— About this exercise —
Transcribe all data verbatim. Skip the pictures.

— Data —
##########

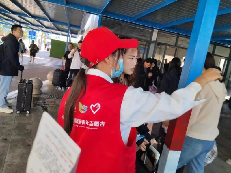 “双节”期间,大理开启“人从众”模式,每天都有来自全国各地的游客们落地大理站,从这里开始惬意的假期。在人来人往中,我们的志愿者学生身穿红马甲,坚守在出站口及天桥对面的重点路段,为游客提供全面贴心的志愿服务,展示大理青年的良好精神风貌。
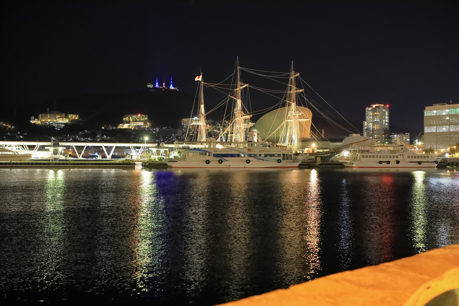 除此之外,在出島還有一個被稱作出島碼頭的灣岸廣場,此處以美麗的夜景著稱,一到了晚上,周遭便會被華麗的燈光裝飾包圍,想必能讓大家都盡興而歸。
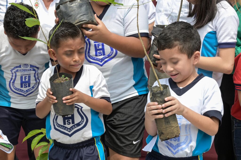 Por último, las autoridades de los tres órdenes de gobierno entregaron los árboles a los niños. El evento incluyó donación de semillas para fomentar los huertos de traspatio y un área de composta para enseñar a los niños a elaborarla.

##########

— Answer to this task —
 “双节”期间,大理开启“人从众”模式,每天都有来自全国各地的游客们落地大理站,从这里开始惬意的假期。在人来人往中,我们的志愿者学生身穿红马甲,坚守在出站口及天桥对面的重点路段,为游客提供全面贴心的志愿服务,展示大理青年的良好精神风貌。
 除此之外,在出島還有一個被稱作出島碼頭的灣岸廣場,此處以美麗的夜景著稱,一到了晚上,周遭便會被華麗的燈光裝飾包圍,想必能讓大家都盡興而歸。
 Por último, las autoridades de los tres órdenes de gobierno entregaron los árboles a los niños. El evento incluyó donación de semillas para fomentar los huertos de traspatio y un área de composta para enseñar a los niños a elaborarla.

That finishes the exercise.